Military resistance against the Reds flickered into existence all over Russia. It had no central leadership and no governmental structure; at first it was partisan warfare and recruiting contests, with both sides hastily daubing the giant Cyrillic characters of their slogans on walls and barracks.
Then for a while it became more orderly: traditional warfare, great armies drawn up against one another on vast battlefields. The Whites were encouraged significantly by the victory of Mannerheim, who defeated the Reds in Finland, and by the victories of Marshall Pilsud
ski’s hard-riding Polish cavalry against Trotsky’s ill-supplied and ill-organized Red infantry.
But in 1918 as the Whites spread their enthusiastic forces across a great part of Russia’s acreage, no fewer than nineteen separate White Russian governments came into being in different areas, each claiming legitimate franchise from the deposed Czar. From the very beginning it was this lack of central organization which threatened to destroy the anti-Bolshevik movement in the Civil War.
3.
THE CZAR’S TREASURE
On the night of July 16, 1918, in a large manor house in the Ural Mountain village of Ekaterinburg, occurred the murder* of the Imperial family: the Czar, the Czarina, the Czarevitch, four grand Duchesses and four servants. Lenin did not want the Whites to have a live figurehead to rally round.
At the same time there was a battle fought at the city of Kazan on the Volga.

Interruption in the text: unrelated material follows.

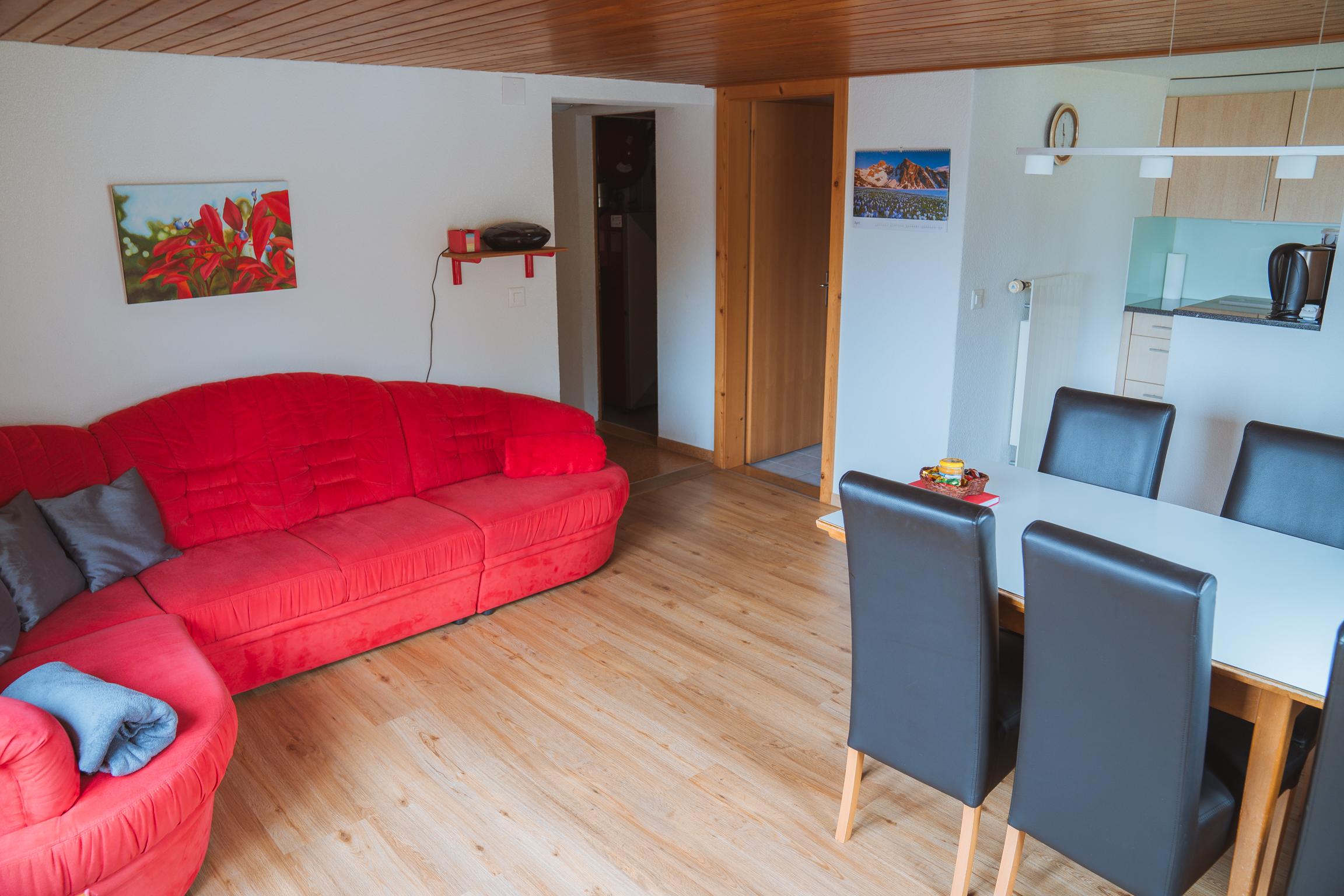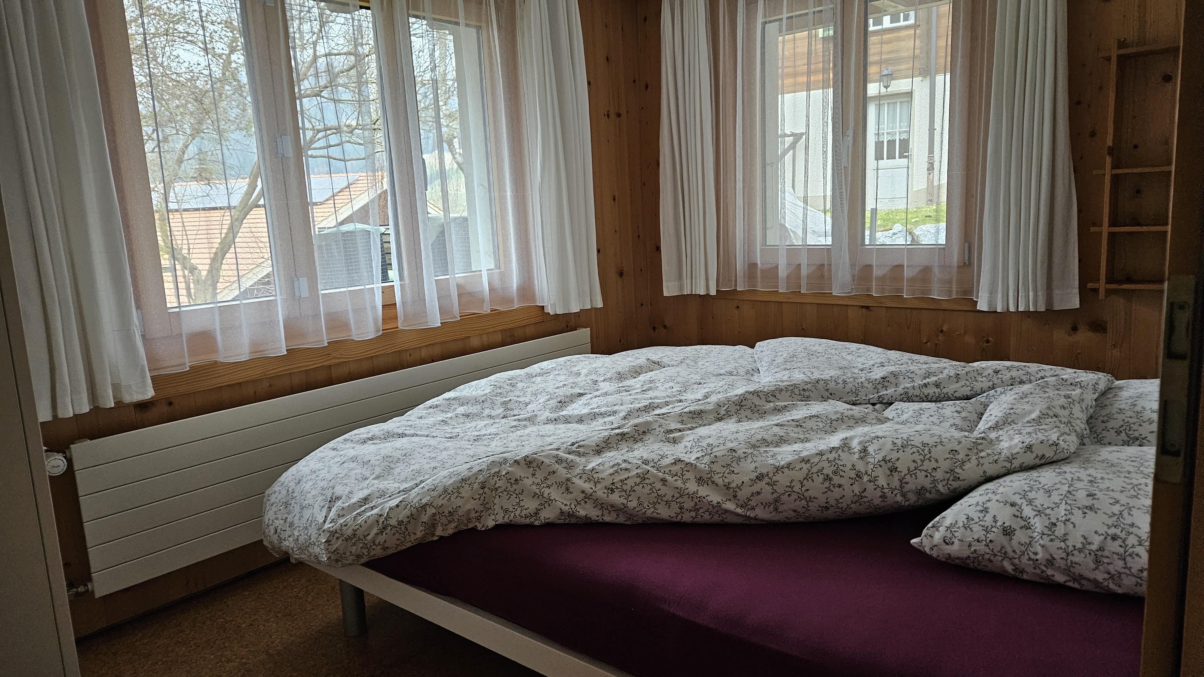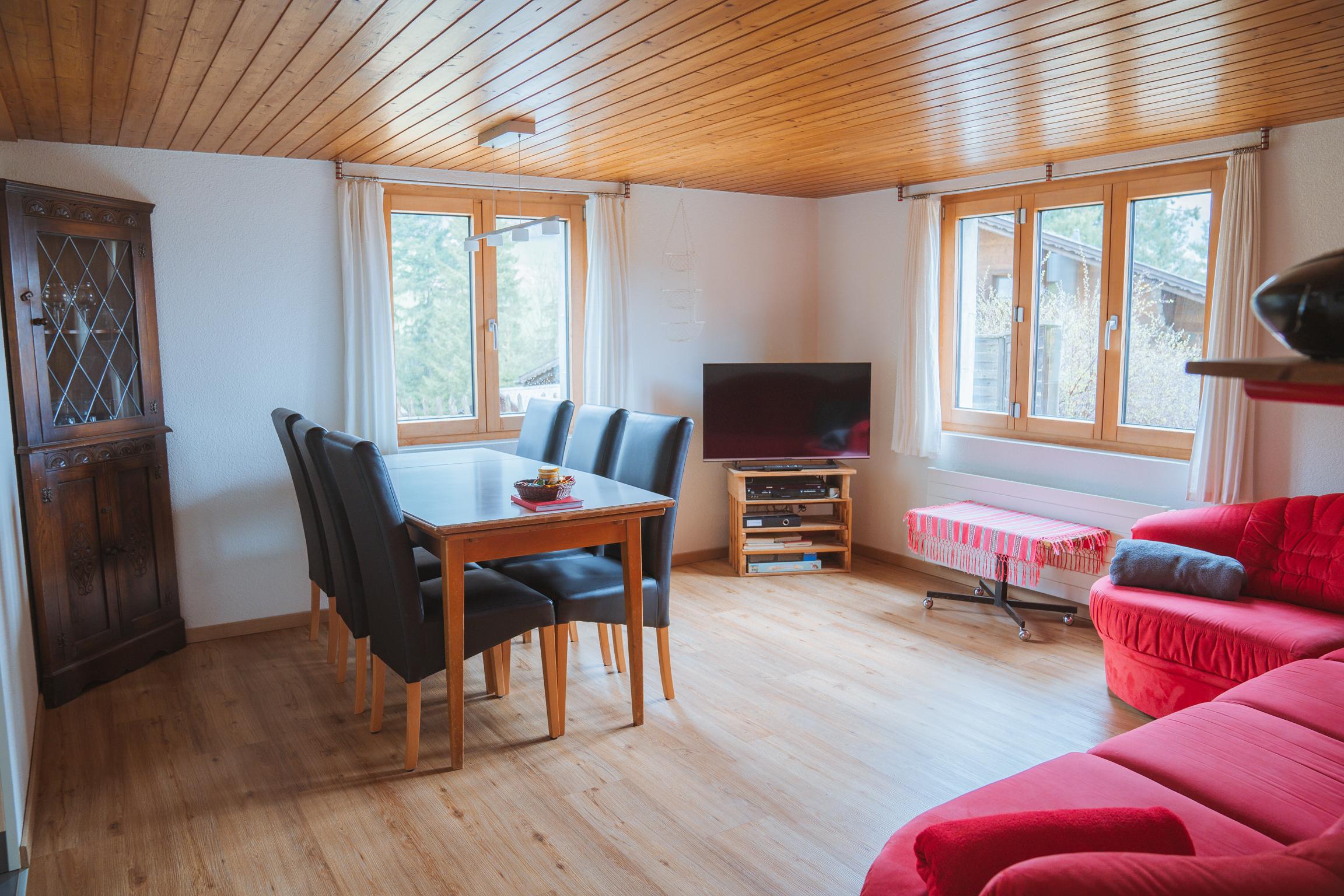 4-Zimmerwohnung (70m2) im Tiefparterre eines 1970 erbauten 2-Familienhauses. Ruhige Lage mit schöner Aussicht. Nahe Tennisplatz, Wald, Wanderwegen, Schwimmbad und Skipiste Rinderberg. Waschmaschine und Trockner in der Liegenschaft zur gemeinschaftlichen Nutzung vorhanden. Aussensitzplatz und Liegewiese vorhanden. 700m bis ins Dorfzentrum. 2 ungedeckte Parkplätze stehen zur Verfügung.

The White forces won—and captured the city, which unbeknownst to the Reds was the repository of the monetary reserves of the Imperial government.

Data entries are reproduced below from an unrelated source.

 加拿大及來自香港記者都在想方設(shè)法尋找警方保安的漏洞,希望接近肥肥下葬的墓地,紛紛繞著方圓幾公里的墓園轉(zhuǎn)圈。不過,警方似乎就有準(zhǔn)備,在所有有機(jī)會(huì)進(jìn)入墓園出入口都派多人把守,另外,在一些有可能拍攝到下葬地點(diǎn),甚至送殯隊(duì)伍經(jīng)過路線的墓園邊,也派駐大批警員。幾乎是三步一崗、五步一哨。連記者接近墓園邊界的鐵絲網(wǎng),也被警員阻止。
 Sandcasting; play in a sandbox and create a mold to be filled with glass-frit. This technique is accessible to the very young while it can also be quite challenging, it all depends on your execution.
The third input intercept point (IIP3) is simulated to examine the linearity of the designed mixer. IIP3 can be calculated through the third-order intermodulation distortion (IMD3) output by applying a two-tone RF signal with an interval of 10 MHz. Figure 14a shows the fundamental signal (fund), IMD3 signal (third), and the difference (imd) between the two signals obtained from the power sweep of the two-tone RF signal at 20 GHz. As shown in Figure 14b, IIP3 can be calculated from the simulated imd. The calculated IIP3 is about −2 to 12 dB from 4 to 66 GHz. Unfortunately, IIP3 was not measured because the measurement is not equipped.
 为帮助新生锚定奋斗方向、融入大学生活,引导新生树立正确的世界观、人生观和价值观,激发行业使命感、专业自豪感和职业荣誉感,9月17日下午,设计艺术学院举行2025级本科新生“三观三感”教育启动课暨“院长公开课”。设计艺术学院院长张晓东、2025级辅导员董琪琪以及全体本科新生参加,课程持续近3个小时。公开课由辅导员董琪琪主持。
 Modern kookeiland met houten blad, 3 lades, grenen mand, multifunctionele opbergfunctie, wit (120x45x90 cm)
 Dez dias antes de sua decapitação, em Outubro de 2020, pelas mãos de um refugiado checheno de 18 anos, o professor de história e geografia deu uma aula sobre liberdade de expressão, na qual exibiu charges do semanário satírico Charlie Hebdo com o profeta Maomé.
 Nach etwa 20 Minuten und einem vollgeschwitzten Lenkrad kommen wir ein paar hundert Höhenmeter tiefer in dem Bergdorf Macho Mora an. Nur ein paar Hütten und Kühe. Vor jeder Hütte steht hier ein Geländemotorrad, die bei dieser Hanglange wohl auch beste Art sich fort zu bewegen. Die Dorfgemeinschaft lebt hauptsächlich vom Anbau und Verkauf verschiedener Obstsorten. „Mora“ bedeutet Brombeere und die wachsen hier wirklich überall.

The gold and treasure had been transferred to Kazan to avoid its falling into German hands in Petrograd. According to most sources its value was estimated at 1,150,500,000 rubles; it was composed of platinum, stock securities, miscellaneous valuables and approximately five hundred tons of gold bullion, each ingot stamped with the Imperial seal.
It may well have been the greatest tonnage of raw gold men have ever moved in one shipment. When the city of Kazan fell into White Russian hands the treasure was loaded onto a train after several episodes reminiscent more of comic than of grand opera (a Red counterattack, misdirected reinforcements, the arrival of a pack of bickering White bureaucrats, the dispatching of confused plain-language telegraph inquiries that were intercepted but not understood by the Reds). Finally the gold train was taken away by members of the [anti-Bolshevik] West Siberian Commissariat. This group seems to have obtained the gold merely because it sent a more numerous delegation than any of the others.